Неудивительно, что она так резко отреагировала, когда я сказала ей, что Лука общается с Мэдди. У него была та же фамилия, то же место рождения, всё, что мне было нужно, и дети болтали. Мэдди могла всё это узнать, а значит, могла и я. У каждого подростка есть свой тайный мир, и миры Мэдди и Луки вращались совсем рядом. Если они были так близки, как это казалось на мой взгляд, то всё, что я хотела выведать у Ру, выведала девочка, которую я любила.
Но Мэдди не ответила бы мне, если бы я просто спросила. Она была преданной тому, что любила, и её чувства к этому мальчику, пусть и вспыхнули совсем недавно, были глубокими. Она не рассказала бы мне, если бы я не принялась выпытывать. Моя дилемма заключалась в том, что я в принципе могла её разговорить, могла вынудить всё мне рассказать. Если она не знала ответа, я могла вынудить её спросить у Луки. Могла надавить, обязать, заставить.
Она явно не хотела бы, чтобы её отец узнал об увиденном. Я могла использовать это в своих интересах. Мэдди была хорошим человеком, но ещё очень юным, её характер не сформировался до конца; подростки под давлением могут доносить друг на друга. Это я усвоила из той грустной истории в духе О’Генри, которая произошла у нас с Тигом.
Если бы я хотела использовать тайны девочки, которую любила, в своих интересах, я получила бы свою выгоду. Победила бы Ру.
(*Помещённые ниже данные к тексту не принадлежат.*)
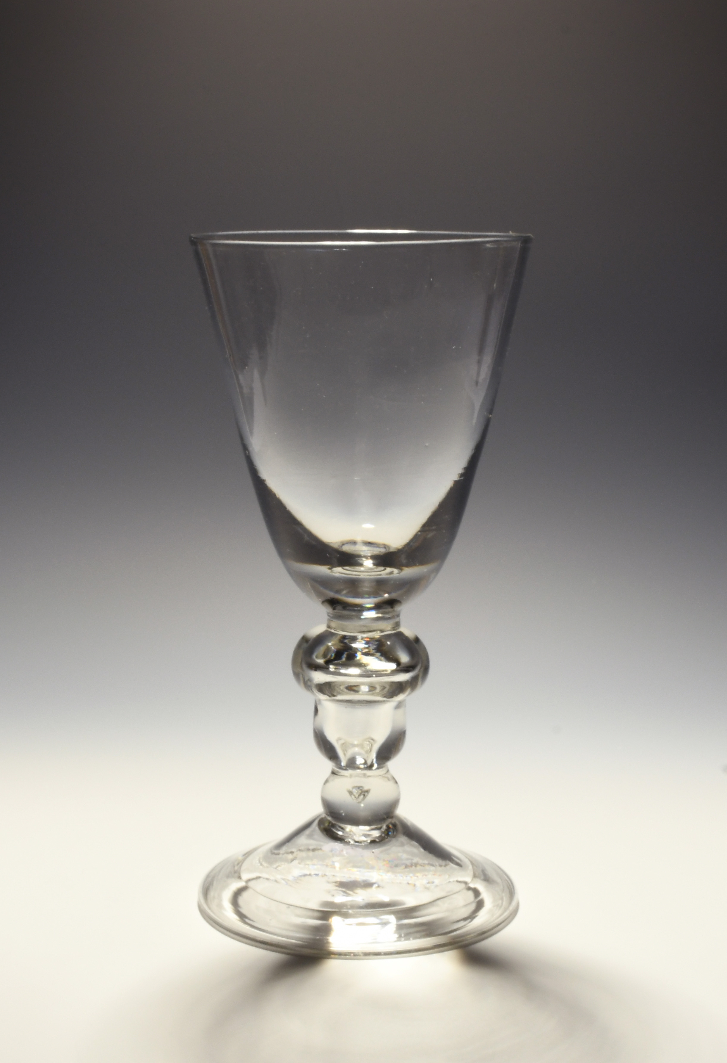 the generous round funnel bowl raised on a short baluster stem with large acorn knop over a basal ball knop, a folded conical foot

Мысль была заманчива, и я ощутила её, как разряд электричества, бегущий по телу. Я видела, как стою напротив Ру, держу в руках её прошлое, и в ней вскипает страх, как вскипал из-за неё во мне. Эта идея ударяла в голову, как алкоголь.
Но так поступать было неправильно.
Я сама испугалась того, как низко пала. Шантажировать Мэдди. Я уже продумывала тактику, как надавлю на неё, заставлю раскрыться, вытяну информацию. Она любила меня, а я очень хорошо её знала. Я чётко представляла себе, как всё получится.
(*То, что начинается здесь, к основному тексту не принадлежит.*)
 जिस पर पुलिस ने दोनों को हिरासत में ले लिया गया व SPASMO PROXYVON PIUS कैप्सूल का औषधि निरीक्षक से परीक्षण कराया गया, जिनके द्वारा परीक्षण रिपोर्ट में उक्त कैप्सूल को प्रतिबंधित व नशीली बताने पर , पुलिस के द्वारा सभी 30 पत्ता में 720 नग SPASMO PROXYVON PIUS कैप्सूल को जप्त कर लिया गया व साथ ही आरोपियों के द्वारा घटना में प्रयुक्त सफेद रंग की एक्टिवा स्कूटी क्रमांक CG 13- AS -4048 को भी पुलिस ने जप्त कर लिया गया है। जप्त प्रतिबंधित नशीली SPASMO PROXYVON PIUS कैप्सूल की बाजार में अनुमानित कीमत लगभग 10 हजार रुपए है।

Но что я могла разрушить? Веру Мэдди в меня, её доверие, может быть, даже её любовь. Настроить дочь против себя в тот период, когда вследствие моей лжи между мной и Дэвисом могла образоваться пропасть. Спасая от Ру свою семью, в самый неожиданный момент обнаружить, что сама разбила её на куски.
Глава 14
Сеанс кормления Оливера перед сном только что закончился, и теперь малыш крепко спал на спине между Дэвисом и мной, мягкий, как маленькая тряпочка. Дэвис положил руку на туго набитый животик Оливера, погладил. Надо было отнести малыша в кровать и попытаться уснуть. Завтрашний день на крошечной лодке в компании Ру сам по себе был стрессом, а мне к тому же нужно было приглядывать за новоиспечённым дайвером.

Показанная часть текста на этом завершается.